Kendra había olvidado la referencia.
– ¿Qué? -dijo juntando las cejas.
– Su hija. ¿Le ha contado lo que pasó entre nosotros aquella noche?
– No es… No tengo ninguna hija.
– Entonces, ¿quién…? -Por un momento, pareció que creía que se había confundido respecto a quién era Kendra-. En Edenham Estate.
– Es mi sobrina -dijo Kendra-. Vive conmigo. Tendrá que girarse. Empezaré con la espalda y los hombros.
El hombre esperó un momento, observándola.

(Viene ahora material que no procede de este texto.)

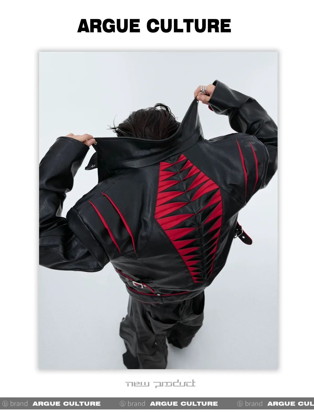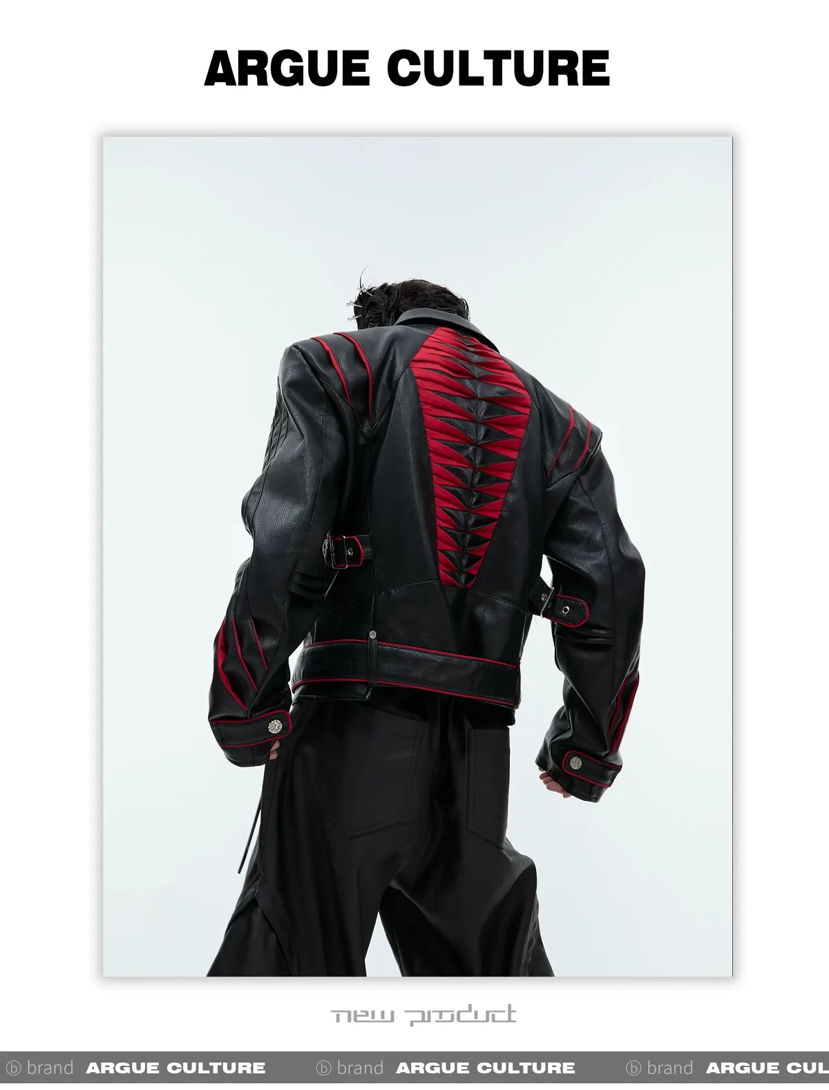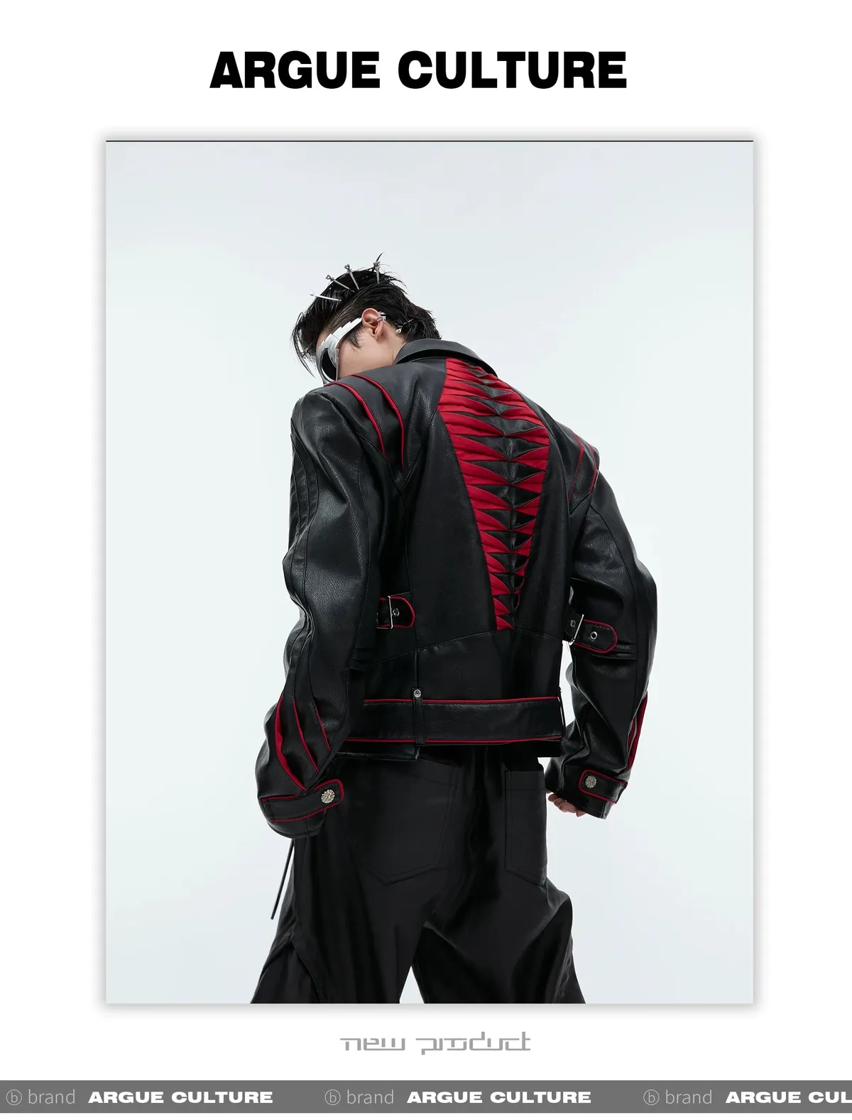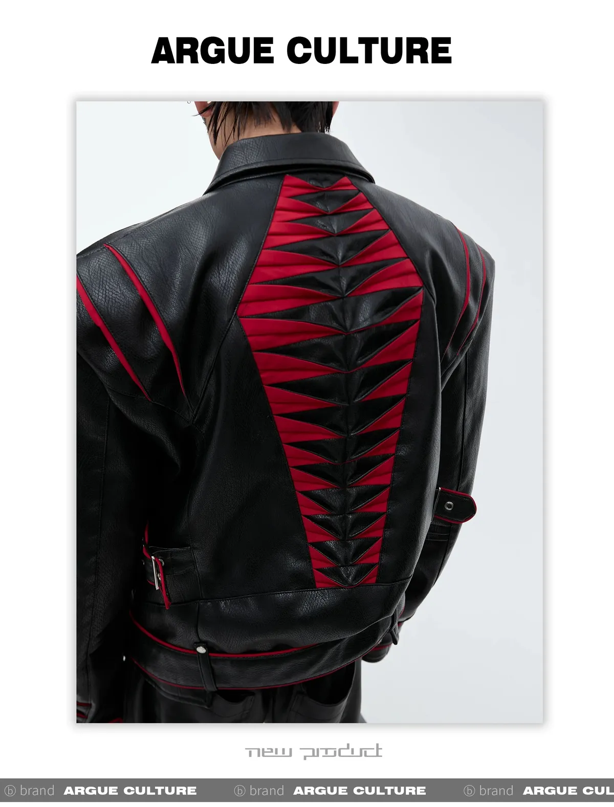 ARGUE 高訂 撞色 脊椎骨 壓褶 短版 皮外套 機車外套(黑色)
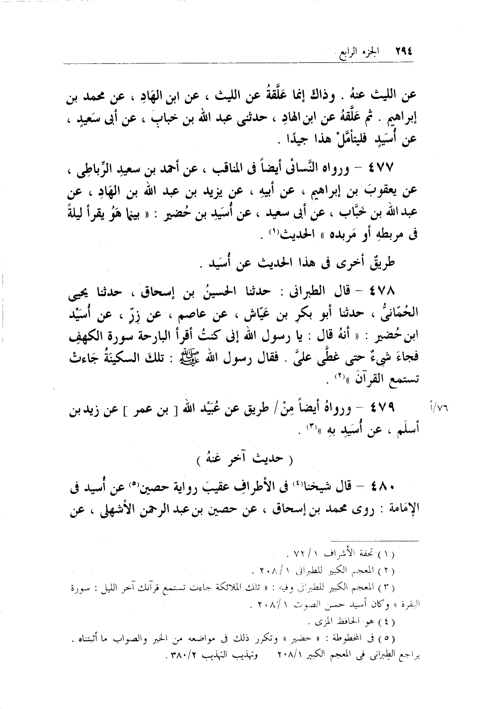 478 - قال الطبراني: حدثنا الحسينُ بن إسحاق، حدثنا يحيى الحُمّانيُّ، حدثنا أبو بكر بن عيّاش، عن عاصم، عن زرٍ، عن أُسيد بن حُضير: (أنه قال: يارسول الله إني كنتُ أقرأ البارحة سورة الكهف فجاء شئٌ حتى غطى عليَّ. فقال رسول الله - صلى الله عليه وسلم -: تلك السكينةُ جاءت تستمع القرآن) (¬2) .
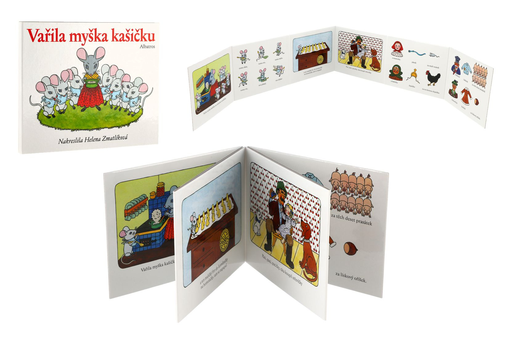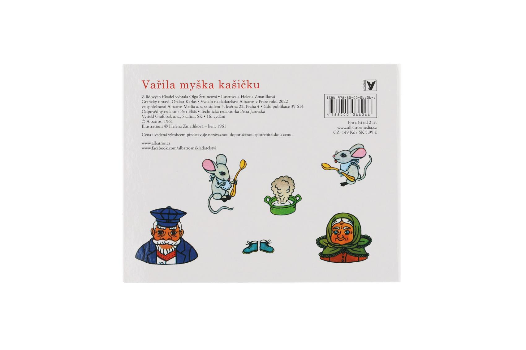 Leporelo s textem tří lidových říkadel – Vařila myška kašičku, Paci, paci, pacičky a Povídám, povídám pohádku – doprovázených půvabnými obrázky Heleny Zmatlíkové patří k evergreenům, které potěší vždy znovu a znovu. Rozměr složeného leporela: 16 x 12,5 cm Vhodné pro děti od 24 měsíců
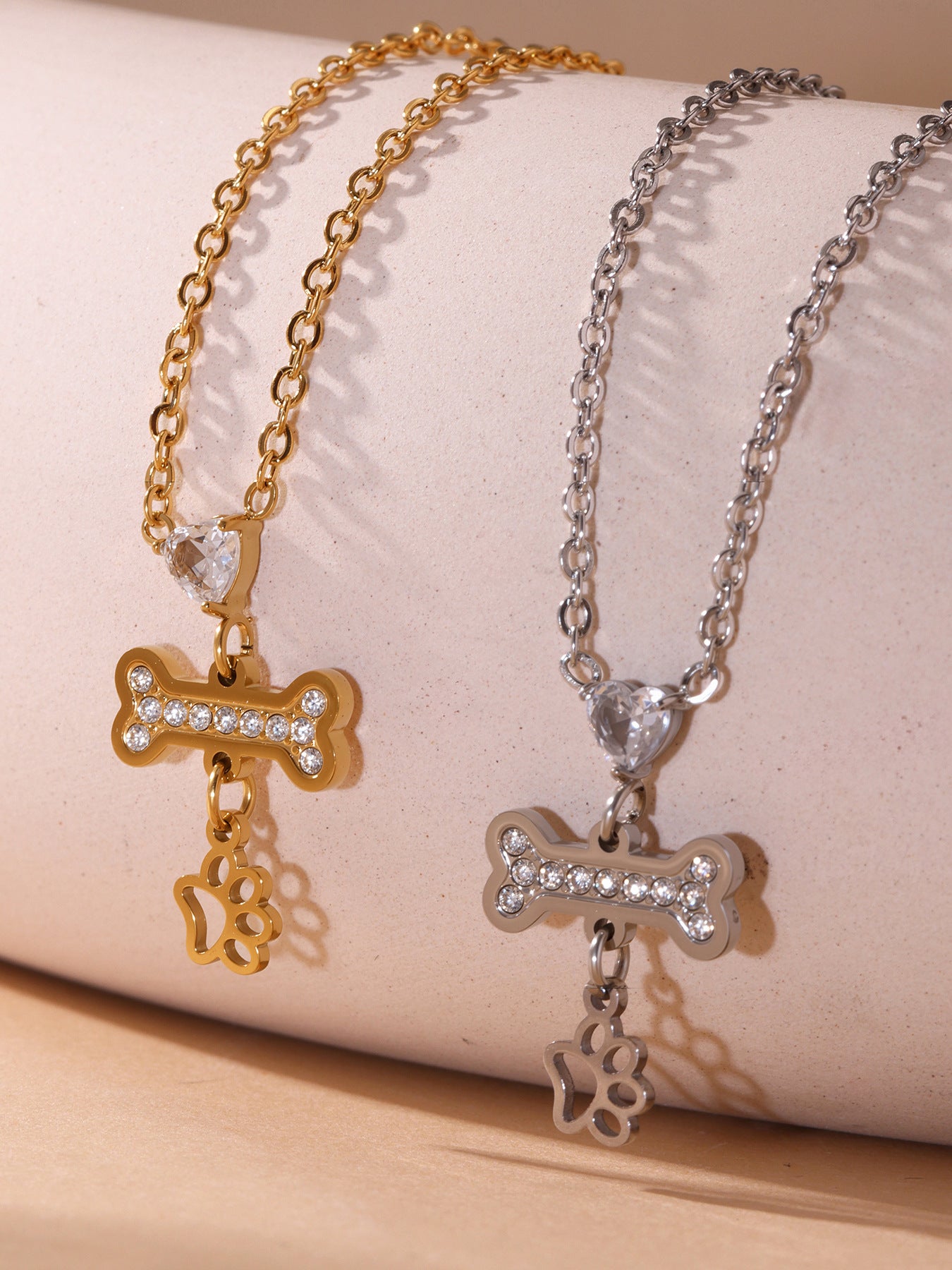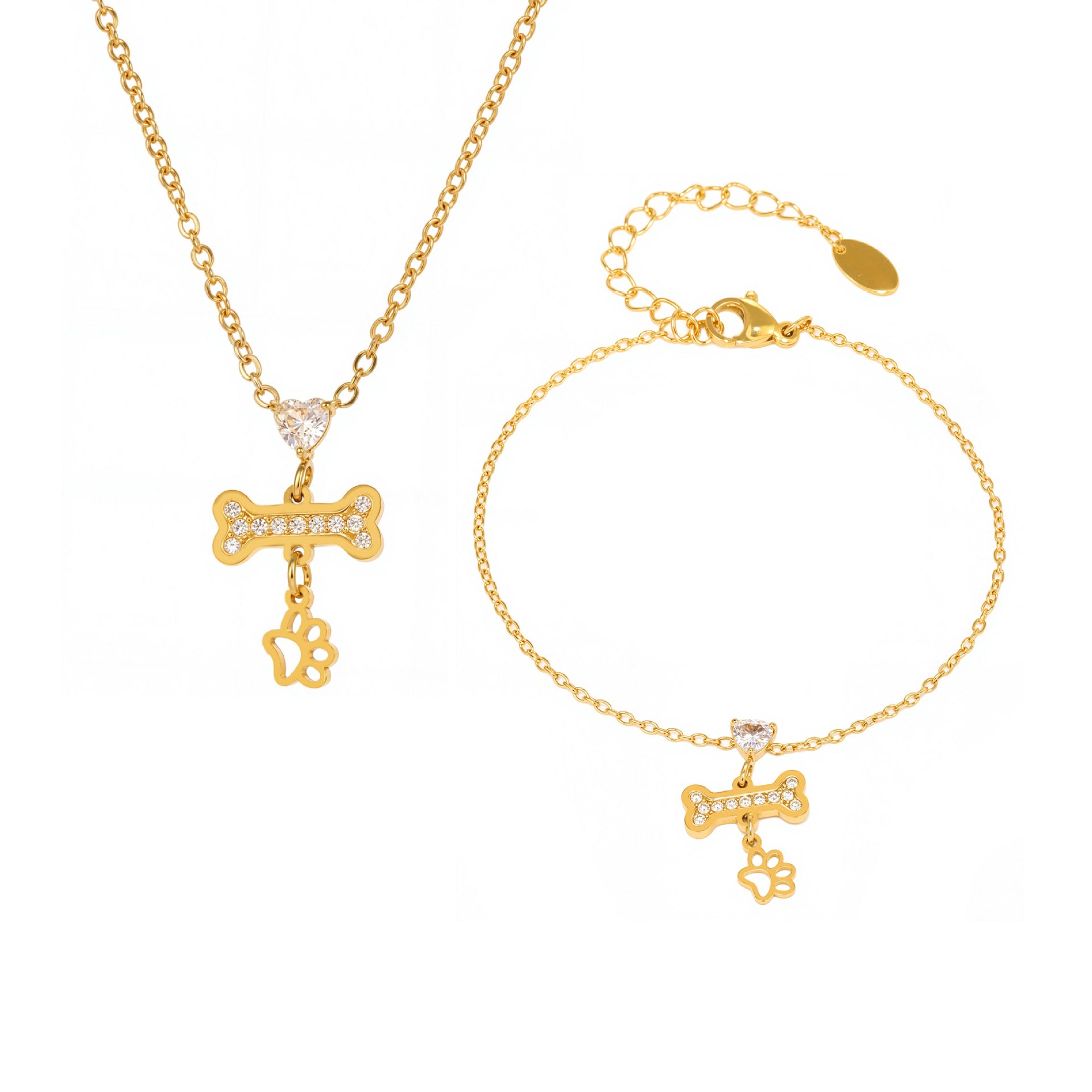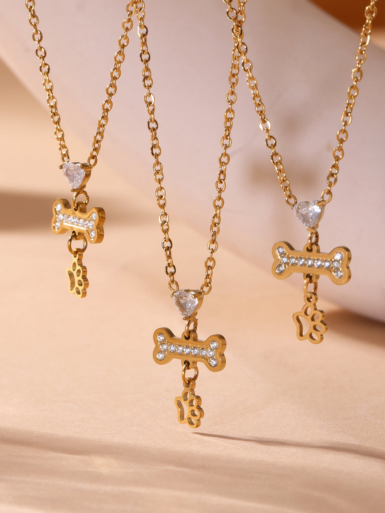 B廠【TXP302】歐美飾品不銹鋼小狗可愛爪子骨頭吊墜鎖骨項鍊手鍊首飾套裝 25.07-2
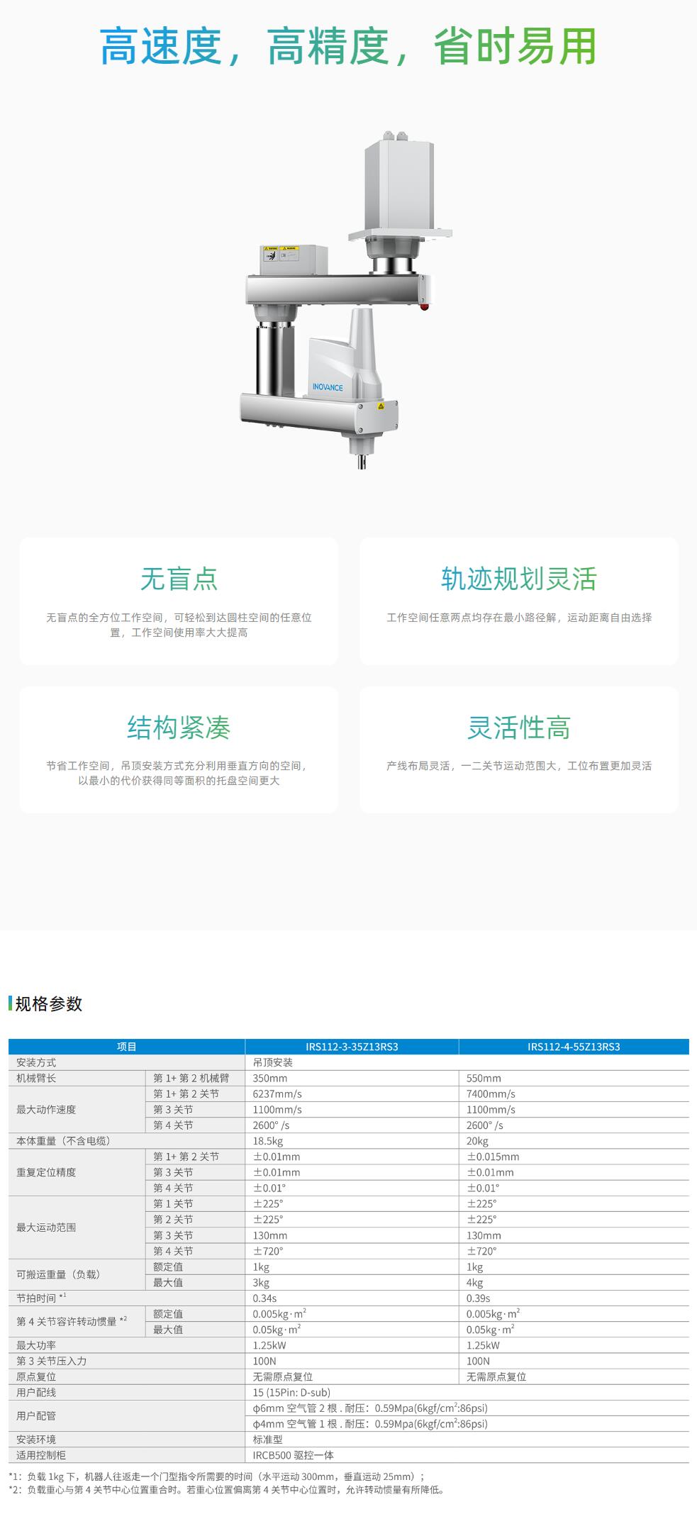 IRS112系列倒装SCARA机器人作为IRS111系列SCARA机器人在特殊领域的补充,属于高精度、中小负载、低成本、通用型机器人。倒装机器人采用吊顶安装方式,减少空间的占用,等臂长的结构设计保证其工作空间无死角,方便产线布置。同时,该机器人继承了IRS系列结构紧凑、灵活性高、运动速度快、精度高、扩展性高等诸多优点,具有很强的易用性和可靠性。

– No parece tan mayor como para tener una hija o una sobrina de esa edad -dijo.
– Soy mayor -dijo Kendra-, sólo que me conservo bien.
El hombre se rió; entonces se giró servicialmente. Hizo lo que la mayoría de las personas hacían al principio cuando les daban un masaje. Apoyó la cabeza sobre los brazos. Ella corrigió su posición, colocándole los brazos a los lados y girándole la cabeza para que mirara abajo. Se echó el aceite en las palmas de las manos y lo calentó, y al instante se dio cuenta de que se había olvidado la música relajante en el coche. Eso significaba que tendría que dar el masaje con el ruido de fondo del pub de abajo, que se filtraba por el suelo sin descanso, imposible de obviar. Miró a su alrededor en busca de una radio, un equipo de música, un reproductor de CD, cualquier cosa que influyera en el ambiente. En la habitación no había prácticamente nada, salvo las tres camas, que era difícil no advertir. Se preguntó por qué el hombre tenía tres.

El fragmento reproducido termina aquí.